Panggilan pertama, Satria tidak mengangkatnya dan malah memutus panggilan itu. Jadi, Claudi memutuskan untuk mengirim pesan via whatsup.
Sat, angkat.
Gue mau ngomong.
-Claudi.
Satria yang sedang memperbaiki motor milik pelanggan di bengkel miliknya, tersenyum saat membaca pesan itu. Tidak lama setelah itu, ia segera menekan ikon telepon di ponselnya.
"Halo cantik, ap-"
"Gue gak mau basa-basi. Kita ketemu di basecamp lo 30 menit lagi."
Setelah selesai mengajak Satria bertemu, Claudi segera memutus sambungan teleponnya. Membuat Satria merasa seperti 'diperintah'.
'Untung sayang. Kalo enggak udah gue tinggal lu!'
Setelah itu Satria segera memanggil salah satu karyawannya, untuk menggantikannya memperbaiki motor pelanggan.
10 menit sudah berlalu dan Satria masih belum terlihat juga. Claudi pun hendak menutup matanya untk sejenak dan hendak menurunkan sedikit kursi mobilnya. Tapi bukannya menurunkan kursi, ia malah harus menenangkan jantungnya yang berdebar-debar karena kaget.
Satria tiba-tiba saja muncul dengan menempelkan wajahnya ke kaca jendela mobilnya. Tanpa aba-aba, Claudi segera memukul kaca mobil dan menurunkannya sedikit.
"Sialan lo! Mau bikin gue mati muda?"
Tanpa melihat wajahnya Satria terkekeh dan langsung memutari mobil dan membuka pintu penumpang.
"Sori, gue cuma ingin mastiin doang."
Claudi hanya mendengus mendengar permintaan maaf Satria. Kemudian ia mengambil sebuah amplop coklat dari dalam tasnya dan memberikannya pada laki-laki di sampingnya.
"Ini apaan?" tanya Satria sambil menatap Claudi penuh tanya
Claudi pun membalas tatapan Satria, "Di situ ada tiket pesawat ke Padang. Gue mau lo ke sana."
"Lo gila? Gak ah gue mau!" seru Satria
Masa bodo dengan penolakan Satria, Claudi tetap melanjutkan kalimatnya.
"Gue mau lo buntuti Rachel. Pantau pergerakannya. Jangan sampe tuh anak deket-deket sama Alex."

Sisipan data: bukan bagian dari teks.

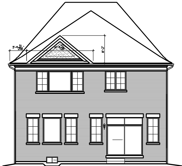
LOT NUMBER: 46 UNIT NAME: FORESTVIEW ELEVATION: REAR UPG. B (REV) UNIT NUMBER: 4206
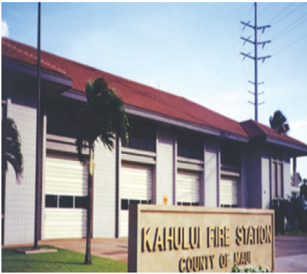
Kahului Fire Station Maui

Hawaiian Tax-Free Trust is a mutual fund which seeks to provide as high a level of current income, exempt from both State of Hawaii and federal income taxes, as is consistent with preservation of capital. 4 To achieve this objective, the Trust invests primarily in tax-free municipal obligations of Hawaii issuers; securities that finance schools, highways, hospitals, water and sewer facilities, and other projects in Hawaii, examples of which are pictured here. 5
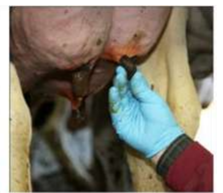
Cleaning teat ends
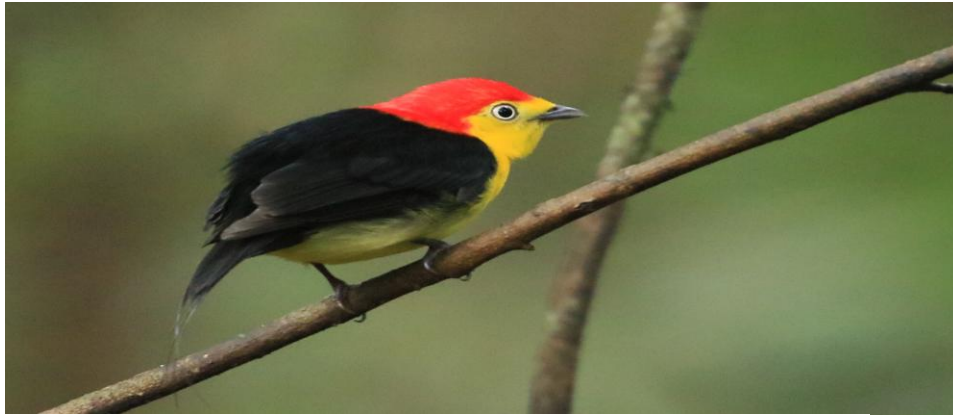
Wire-tailed Manakin, Puerto Inírida, Colombia

Bare-necked Fruitcrow, Amazonian Umbrellabird, Screaming Piha, White-browed Purpletuft, Várzea Schiffornis, Wire-tailed Manakin, Golden-headed Manakin, Tropical Gnatcatcher, Violaceous Jay, Black-faced Tanager, Paradise Tanager, Burnished-buff Tanager, Flame-crested Tanager, Fulvous-crested Tanager, Pectoral Sparrow, Epaulet Oriole, Velvet-fronted Grackle, and both Green and Olive oropendola.
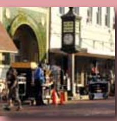
Downtown Minden, LA

The story of Libby Day (Charlize Theron), a woman who at the age of 7, survives the massacre of her family and testifies against her brother as the murderer. Twenty-five years later, a group obsessed with solving notorious crimes confronts her with questions about the horrific event. Told in a series of flashbacks from the points of view of Libby's mother, Patty, and her brother, Ben, Libby is forced to revisit that fateful day and to begin to question what exactly she saw - or didn't see - the night of the tragedy.
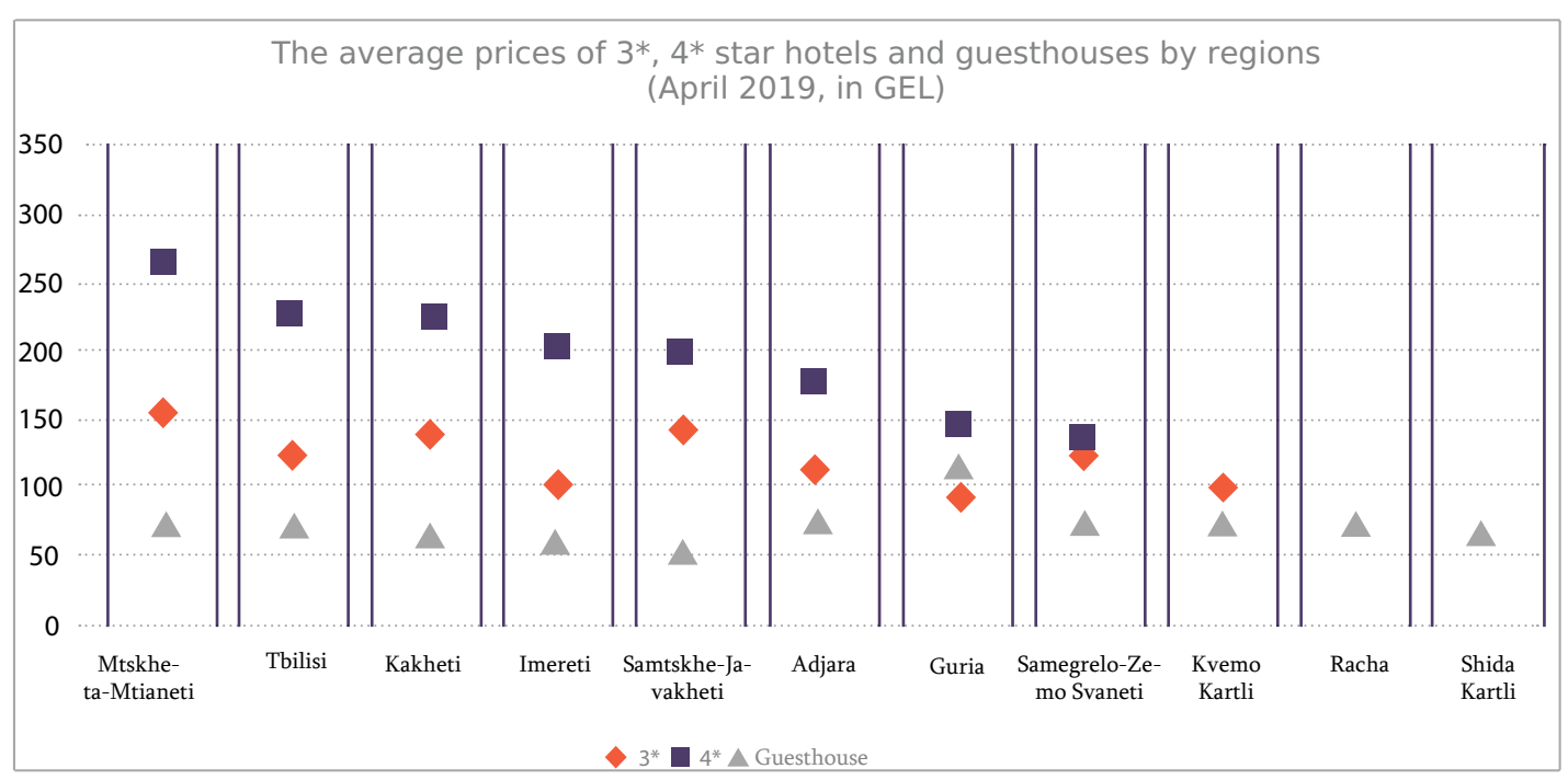
Graph 1: In the graph, average prices for standard double rooms in 3 and 4-star hotels and guesthouses are given by region. 5-star hotel prices are provided above.

The average cost of a room in a 5-star hotel in Georgia in April 2019 was 484 GEL per night. In Tbilisi, the average price was 525 GEL, followed by Adjara – 473 GEL, Samtskhe-Javakheti - 368 GEL, and Kakheti - 367 GEL.
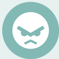
Feeling very angry

Begitu Satria mendengar nama Rachel disebut oleh Claudi, ia jadi sedikit berubah pikiran. Apalagi laki-laki itu juga mendengar Alex ikut pergi bersama perempuan yang disukainya.
Satu rahasia Satria adalah ia sudah menyukai Rachel! Dan hal itu terjadi saat SMA, tepatnya saat laki-laki itu disuruh Claudi untuk berpura-pura menyukai anak perempuan itu dan berakhir menyukainya.
Tapi saat itu, Satria masih ragu dengan perasaannya. Setelah putus dengan Rachel dan pindah sekolah, ia baru menyadari perasaannya.
"Oke. Gue terima job ini. Kapan gue bisa berangkat?"
"Ada di situ. Baca aja."
Satria mengangguk-angguk kemudian segera turun dari mobil itu. Setelah ia turun, mobil itu langsung melesat pergi diiringi oleh senyuman miris Satria.